The Petitioner testified that he had prior convictions for aggravated robbery and
that aggravated robbery was not a dangerous felony under statute. His trial counsel did
not attempt to dismiss the conviction in the trial court or on appeal. The Petitioner agreed
that he pled guilty after having been convicted of the other offenses at trial.
Jolene Kamper, the jury coordinator for Knox County, testified that sending out a
call to jury duty was an automated process which used the Department of Safety database
and randomly selected jurors from county residents who have a driver’s license or a
State-issued identification card. She testified that there was no way to determine the race
of those selected. She also testified that the court would generally ask for a little over one
hundred notices to be sent for jury selection purposes.
The Petitioner’s trial counsel testified that he had been practicing criminal law for
eighteen years and had handled approximately two dozen homicide cases.

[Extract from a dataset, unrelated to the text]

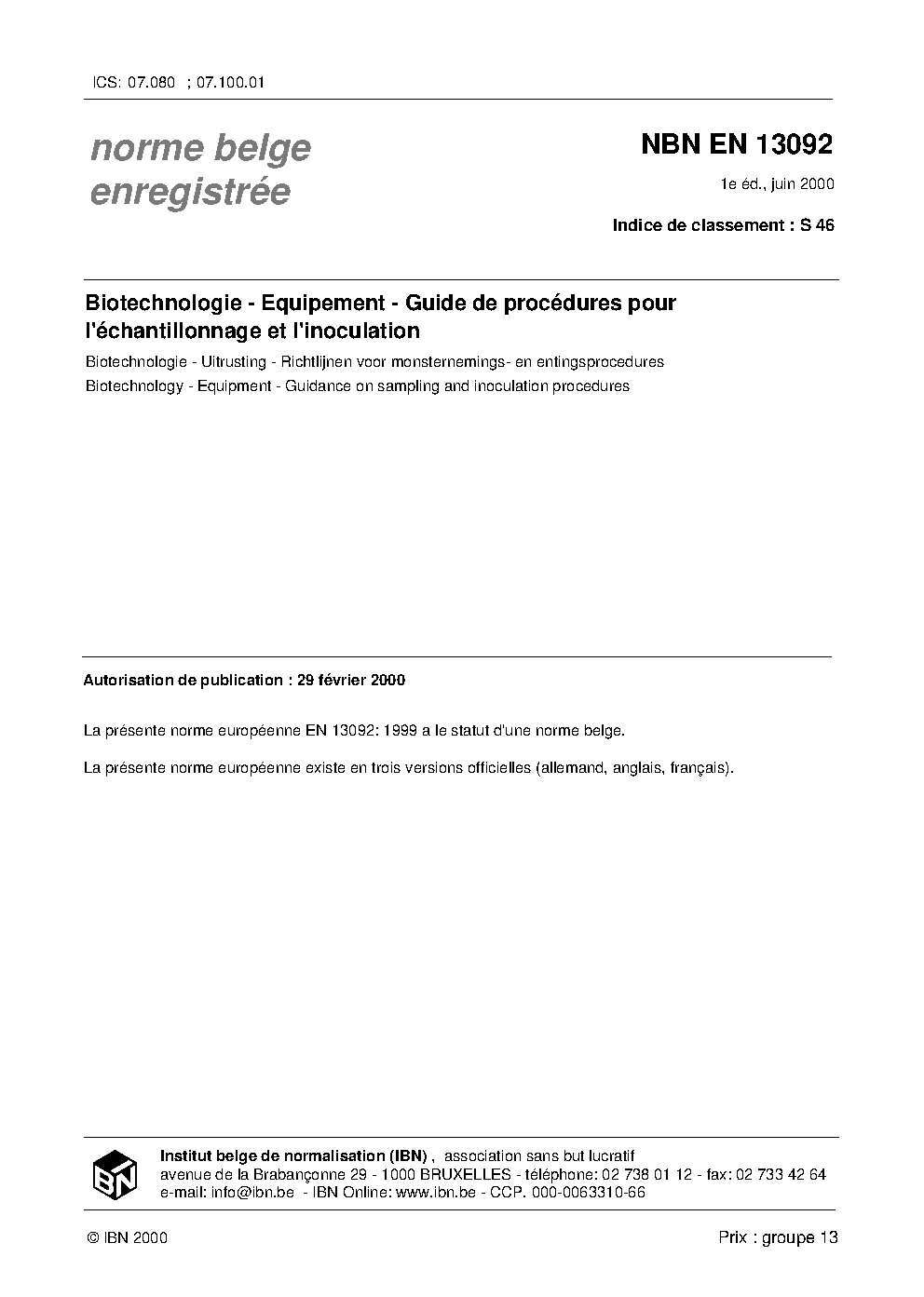 | Publisher | Bureau de Normalisation Belge (NBN) |

He testified
that he did not raise an issue regarding the jury venire or the weapons offense which the
Petitioner was challenging. Trial counsel testified that he wanted to avoid “the bifurcated
section of the trial at which the state would be allowed to put on his priors without him
testifying.” Trial counsel did not recall any discussion regarding the language in the
indictment stating that the prior felonies were dangerous felonies.

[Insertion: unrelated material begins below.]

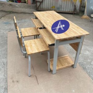 Đây là mẫu bàn ghế truyền thống, được sử dụng rộng rãi tại nhiều trường học. Ưu điểm là tiết kiệm diện tích, chi phí và tạo sự đồng bộ cho lớp học. Tuy nhiên, nhược điểm là khó di chuyển linh hoạt khi sắp xếp lại không gian.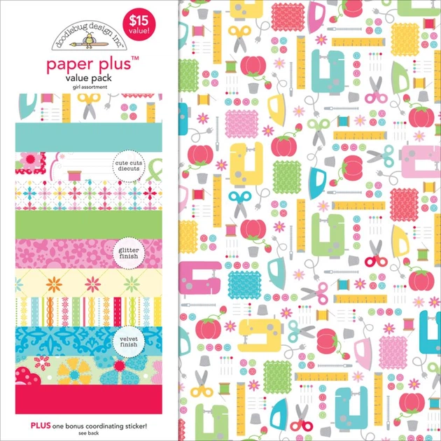 Набір паперу Doodlebug Girl 30х30 см 8 аркушів + наклейки , артикул PPAP-5186

Trial counsel agreed that he had concerns about the jury venire and testified that
he felt a venire was rarely truly a racial cross-section of the community. Although he felt
that the actual venire did not reflect the community’s racial composition, trial counsel did
not believe he could raise a successful challenge on this basis. He testified that given the
strength of the State’s proof, he did not think that the racial composition of the jury was
determinative in the Petitioner’s case. He testified that there were “a couple” of
minorities in the panel but that the panel did not represent a cross-section of the
community.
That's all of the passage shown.